OMTPlan is a Python platform for optimal planning in numeric domains via reductions to Satisfiability Modulo Theories (SMT) and Optimization Modulo Theories (OMT). Currently, OMTPlan supports the expressive power of PDDL2.1 level 2 and features procedures for both satisficing and optimal planning. OMTPlan provides an open, easy to extend, yet efficient implementation framework. These goals are achieved through a modular design and the extensive use of state-of-the-art systems for SMT/OMT solving.


AI Planning can be defined as the model-based approach to intelligent behaviour, where a model of the world and of possible actions to be performed is used to decide on a sequence of actions, a plan, that brings the world to a desired state [6].

Satisfiability Modulo Theories (SMT) [2] and its extension Optimization Modulo Theories (OMT) [17] are two powerful frameworks that have been used to model, and reason about, expressive planning problems. While SMT technology has long enjoyed popularity within the planning community, the application of OMT to planning has remained unexplored until recently. In [11] we introduced the first domain-independent reduction from optimal planning to OMT solving.
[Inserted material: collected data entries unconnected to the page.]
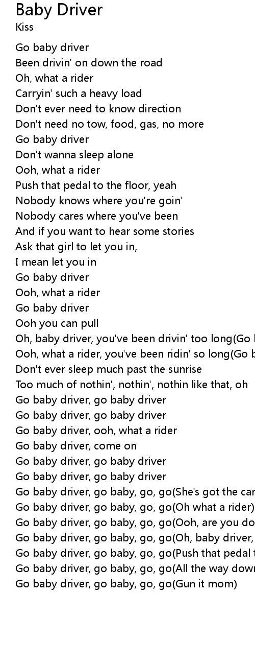 | Go baby driver, go baby, go, go(Oh, baby driver, ooh yeah) | |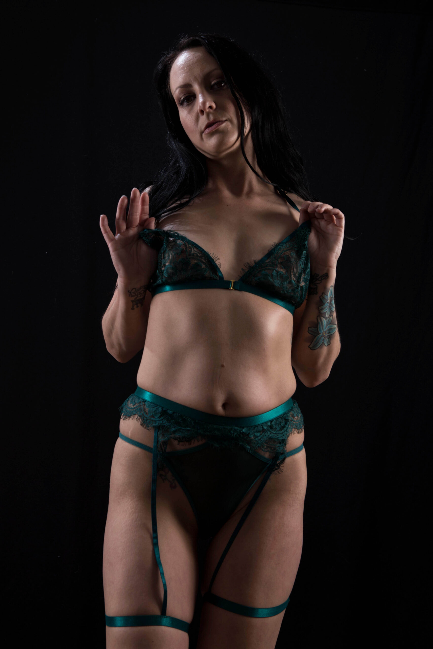 This is a set of images taken with Lucy Greene during one of our shoots together. She is posing against a black backdrop wearing a dark green lingerie set. Photographed in studio on 02-06-2021.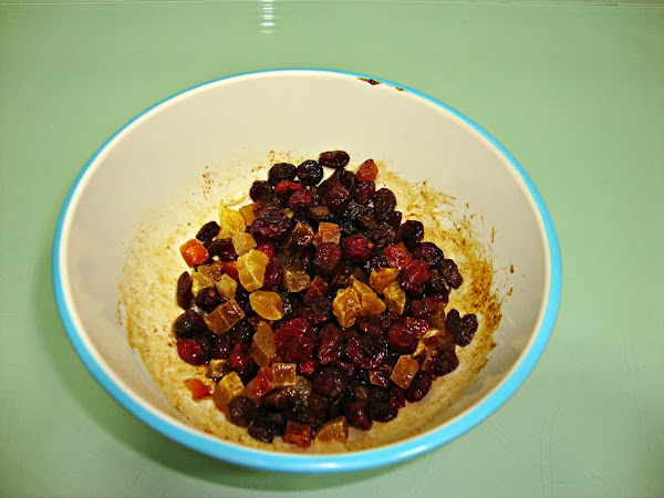 En un cuenco ponemos las nueces, las pasas, las frutas desecadas, la canela y el café y lo regamos con el ron, lo vamos moviendo de vez en cuando para que todo quede bien envuelto.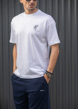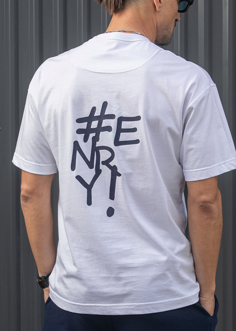 T-shirt σε άνετη γραμμή. Στρογγυλή λαιμόκοψη και κοντά μανίκια. Τυπώματα σε αντίθετο συνδυασμό μπροστά και πίσω.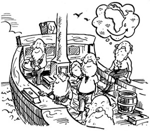 The Captain General put his fingers to his lips and winked. “His book has been a bestseller for a couple of centuries,” he whispered. “But just wait till mine hits the streets.” And he smiled knowingly. The strange thing is, I can’t find anything written down to say that’s where we’re heading. No-one else seems to know exactly where he’s taking us. But when the King and Queen give you an all-expenses-paid trip, you don’t argue.

More specifically, we presented an OMT-based algorithm to solve optimal numeric planning problems where actions are equipped with unitary (all actions have cost 1), constant (actions have constant costs 1) or state-dependent action costs (SDAC), where the cost of executing an action is a function of the state where it is executed [9]. Notably, no tool support exists for integrated reasoning on problems of the latter class and state-of-the-art (SoA) planners either do not support SDAC upfront, e.g. [14], or solve them with uninformed search, a general class of search algorithms that explore the solution space of a planning problem ignoring domain specific knowledge such as cost structures, e.g. [12].
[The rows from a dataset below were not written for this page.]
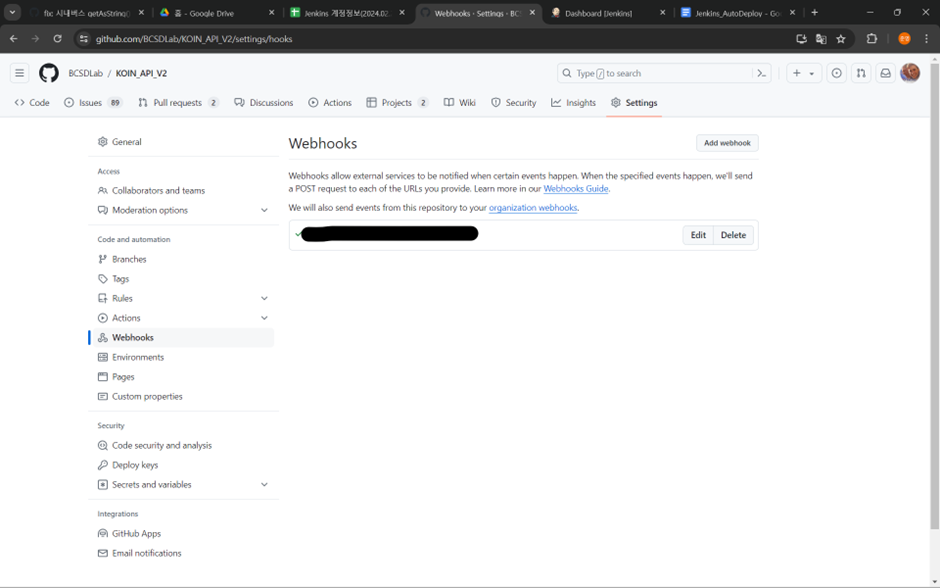 프로젝트 레포지토리 ->Settings-> Webhook탭에 들어와서 웹훅을 새로 만들어보자.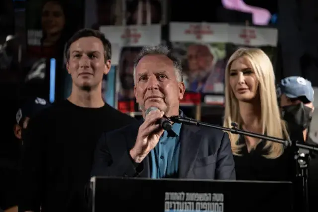 Sahnede Witkoff’un arkasında yer alan Trump’ın kızı Ivanka Trump ile damadı Jared Kushner’ın bu sırada tebessümle bakışması dikkati çekti.
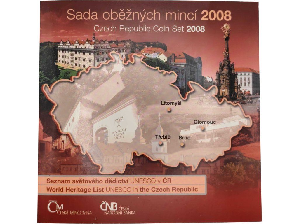 Sada oběžných mincí České republiky z roku 2008 pokračuje v tematice památek UNESCO. Obsahuje kompletní oběživo doplněné o pamětní medaili s motivy významných historických lokalit na území České republiky. Mince ve stavu UNC (karton může být lehce odřen a některé mince lehkou patinu v případě zájmu konkrétního kusu si můžete vybrat na prodejně)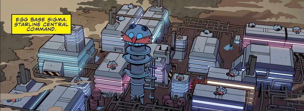 Starline Base Sigma,[1] formerly known as Egg Base Sigma,[2] is a location that appears in the Sonic the Hedgehog comic series and its spin-offs published by IDW Publishing. It was one of the Eggman Empire's industrial sites on Earth. However, it was eventually seized by Dr. Starline and turned into his command center. It was also home to Surge and Kit until sometime after Starline's death.

The present contribution is intended to fill this gap as we introduce OMTPlan, the first planner that leverages state-of-the-art satisfiability techniques to solve optimal planning problems in the presence of rich cost structures. OMTPlan is implemented in Python and presents a modular architecture that can be easily extended with new functionalities. Besides offering solving capabilities, OMTPlan can also act as a translator from PDDL [5], the standard language of planning, to SMT-LIB [1] thus providing a new source of challenging benchmarks for the automated reasoning community – see, e.g. [3] for such an application of the tool. The planner is open-sourced under a GNU General Public License, version 3 (GPL-3.0). Source code and the related documentation are available online at:

2.System Architecture

OMTPlan realises its functionalities through the interaction of the components represented in Fig. 1. Each component takes care of different phases of the planning process as detailed in the following.

Figure 1.

OMTPlan: internal work-flow.

OMTPlan: internal work-flow.

Input Language. OMTPlan accepts problems specified in the Planning Domain Definition Language (PDDL), the de-facto standard language for planning. Dialects of PDDL exist with different expressive power, here we focus on PDDL 2.1 level 2 [5] as it allows to capture rich numeric structures. PDDL describes a planning task by means of: (i) a domain file containing the description of general features of the problem (e.g. the available actions) and, (ii) a problem file defining instance-specific information (e.g. the initial and goal situation, the optimisation metric). We refer to [5] for more details on PDDL.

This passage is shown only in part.